Cumulative totals in an ORDERed relation.

Hello,

Is there some sort of mechanism by which I could cause a value to
accumulate within a relation? What I'd like to do is something along the
lines of having a long called accumulator, and an outer bag called
hourlyTotals with a schema of (hour:int, collected:int)

accumulator = 0L; -- I know this line doesn't work
ORDER hourlyTotals BY collected;
cumulativeTotals = FOREACH hourlyTotals {
			accumulator += collected;
			GENERATE day, accumulator AS collected;
			}

Could something like this be made to work? Is there something similar that
I can do instead? Do I just need to pipe the relation through an
external script to get what I want?

Thanks,
Kris

-- 
Kris Coward					http://unripe.melon.org/
GPG Fingerprint: 2BF3 957D 310A FEEC 4733  830E 21A4 05C7 1FEB 12B3

Re: Cumulative totals in an ORDERed relation.

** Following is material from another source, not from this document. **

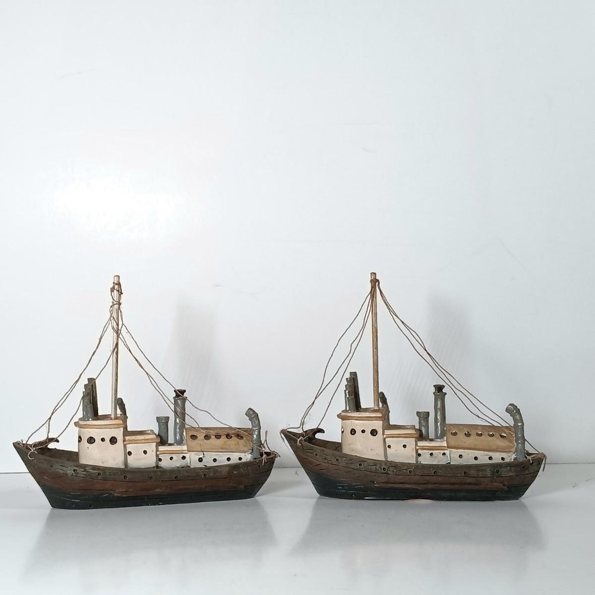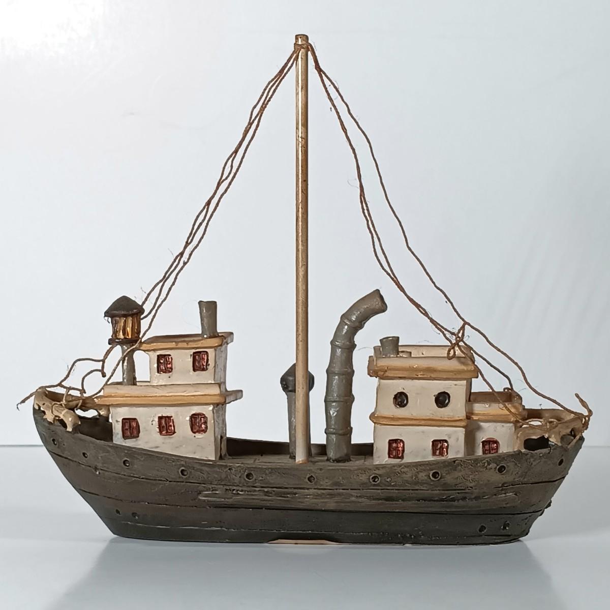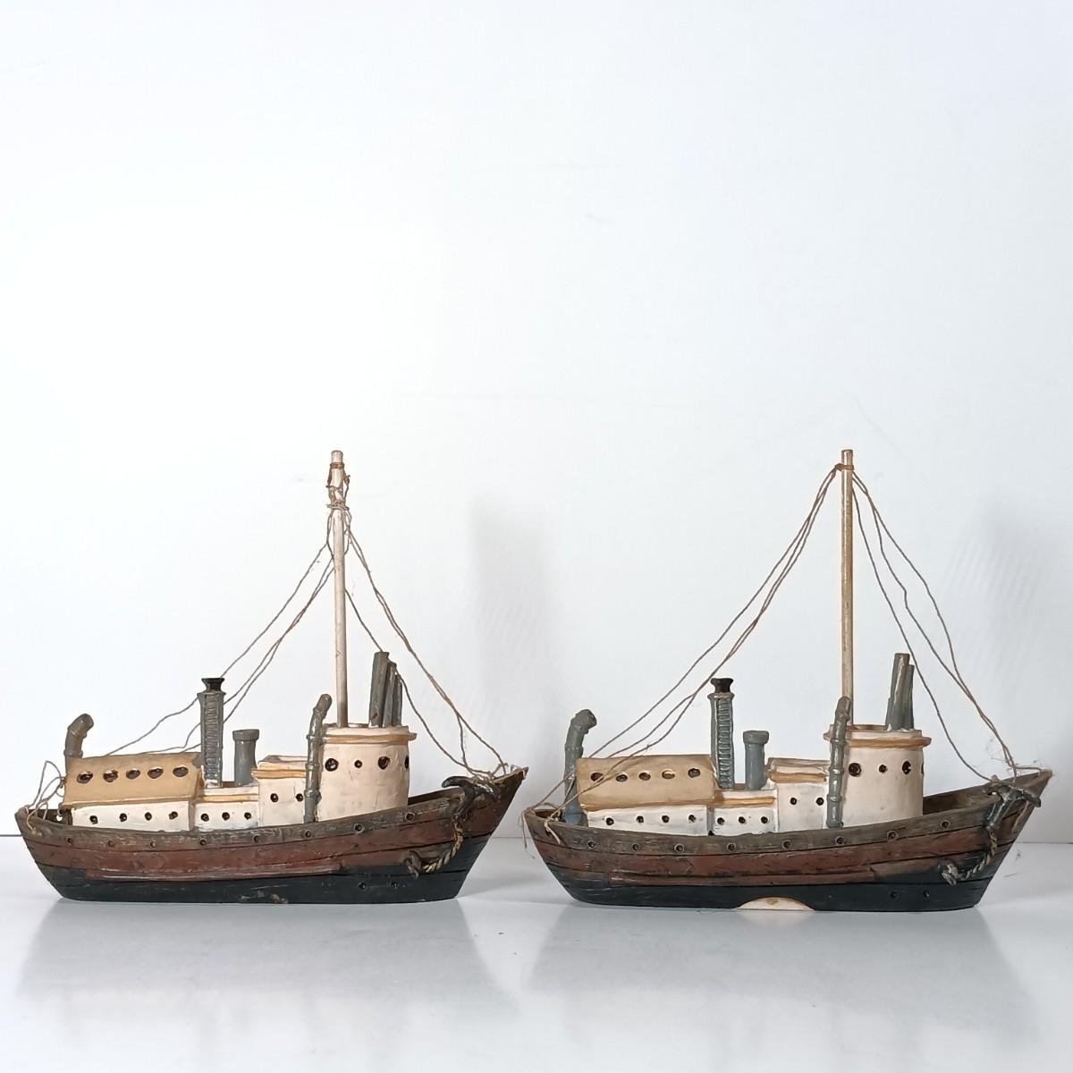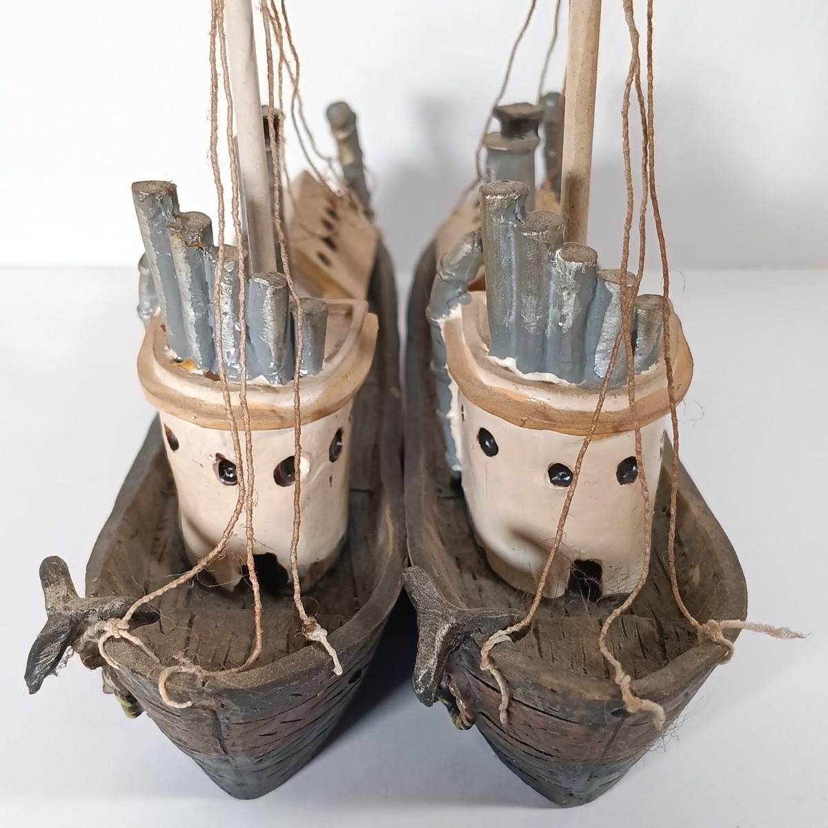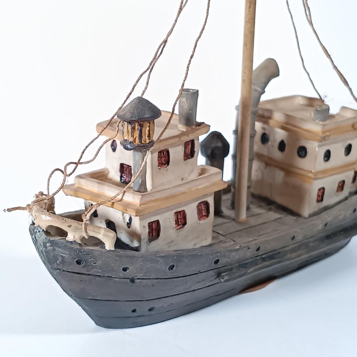 LOT 58D: Miniature Collectible Ships: Hard Resin Chesapeake Ship, Wood Confection Ship, Tybee Island Wood HMS Bounty & More

Posted by Kris Coward <kr...@melon.org>.

Right, that's a good point, it is a non-parallelizable process. I
probably should just dump it through a script, since even an entire
century of data would be <1M hours and not really need to take advantage
of the cluster. ISTR there's some pretty good functionality for that, so
I just need to look it up in the documentation again.

Thanks,
Kris

On Fri, Dec 17, 2010 at 03:22:53PM -0800, Dmitriy Ryaboy wrote:
> What you are suggesting seems to be a fundamentally single-threaded process
> (well, it can be parallelized, but it's not pretty and involves multiple
> passes), so it's not a good fit for the map-reduce paradigm (how would you
> do accumulative totals for 25 billion entries?).  Pig tends to avoid
> implementing methods that restrict scaling computations in this way. Your
> idea of streaming through a script would work; you could also write an
> accumulative UDF and use it on the result of doing a GROUP ALL on your
> relation.
> 
> -Dmitriy
> 
> On Fri, Dec 17, 2010 at 11:31 AM, Kris Coward <kr...@melon.org> wrote:
> 
> > Hello,
> >
> > Is there some sort of mechanism by which I could cause a value to
> > accumulate within a relation? What I'd like to do is something along the
> > lines of having a long called accumulator, and an outer bag called
> > hourlyTotals with a schema of (hour:int, collected:int)
> >
> > accumulator = 0L; -- I know this line doesn't work
> > ORDER hourlyTotals BY collected;
> > cumulativeTotals = FOREACH hourlyTotals {
> >                        accumulator += collected;
> >                        GENERATE day, accumulator AS collected;
> >                        }
> >
> > Could something like this be made to work? Is there something similar that
> > I can do instead? Do I just need to pipe the relation through an
> > external script to get what I want?
> >
> > Thanks,
> > Kris
> >
> > --
> > Kris Coward                                     http://unripe.melon.org/
> > GPG Fingerprint: 2BF3 957D 310A FEEC 4733  830E 21A4 05C7 1FEB 12B3
> >

Re: Cumulative totals in an ORDERed relation.

Posted by Dmitriy Ryaboy <dv...@gmail.com>.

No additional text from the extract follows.